From the line that contains "biểu diễn |" down to the final line of the listing below, set down every line exactly, both ends included, and drop the pictures.

**SOURCE MATERIAL:**
+ + + + +

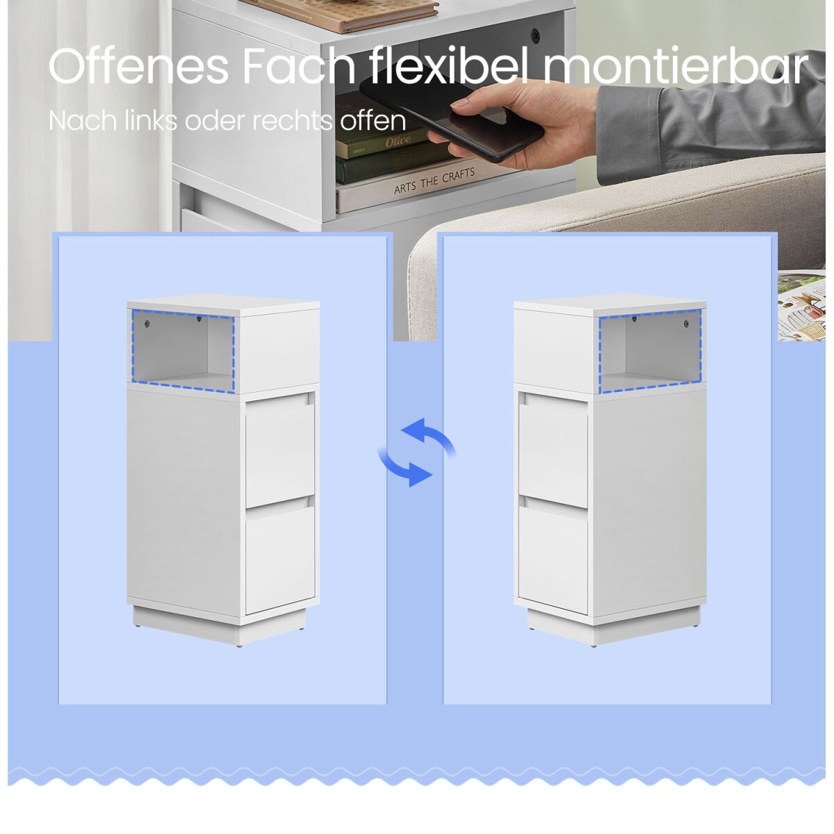 See kitsas öökapp kahe sahtli ja avatud riiuliga on ideaalne magamistuppa või elutuppa. Pilvevalge värv toob kaasaegse ilme igasse ruumi.
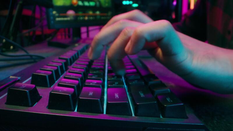 Close up hands man typing keyboard computer pc play game programmer neon cyberspace hacking network competition electronic fingers technology connection social media internet coding chatting texting Pro Video
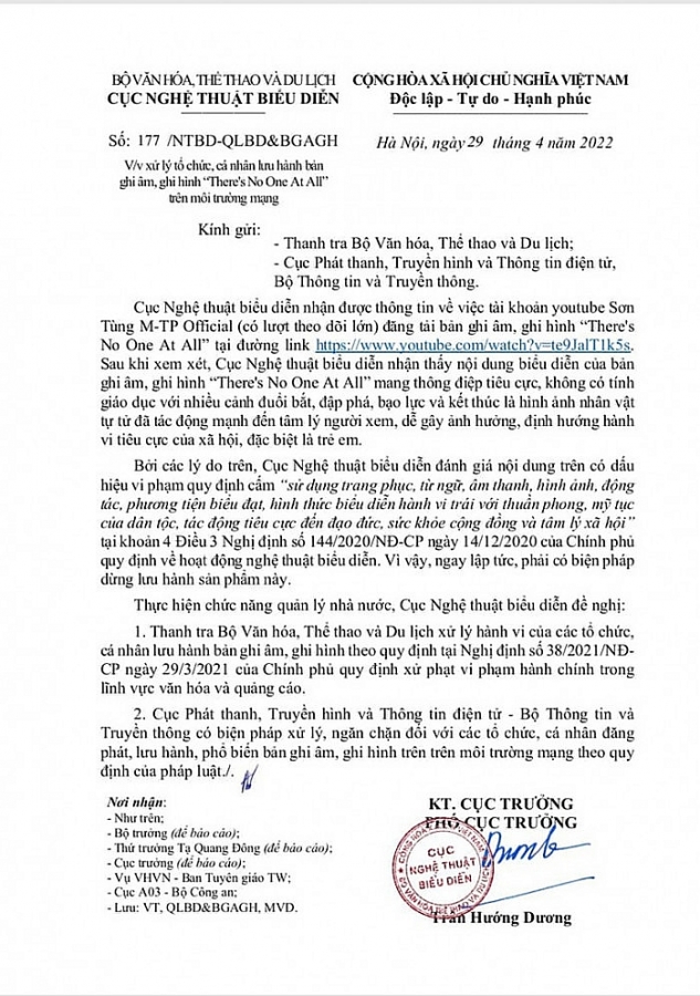| Văn bản đề nghị dừng phát hành MV “There's No One At All” của Cục Nghệ thuật biểu diễn |
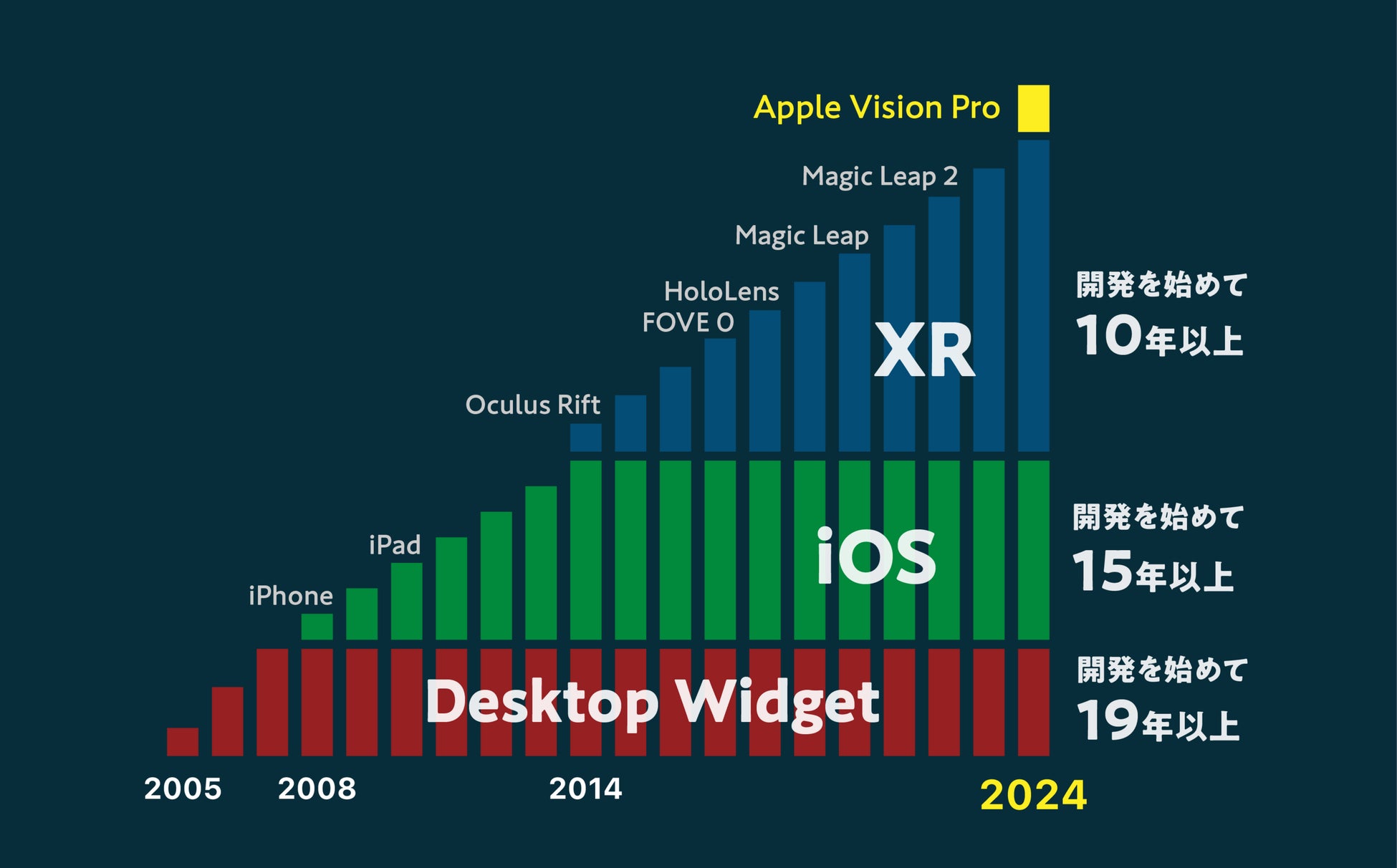 2005年から開発に取り組んでいるデスクトップウィジェット開発ノウハウは、空間コンピュータと

+ + + + +

**SOLUTION:**
| Văn bản đề nghị dừng phát hành MV “There's No One At All” của Cục Nghệ thuật biểu diễn |
 2005年から開発に取り組んでいるデスクトップウィジェット開発ノウハウは、空間コンピュータと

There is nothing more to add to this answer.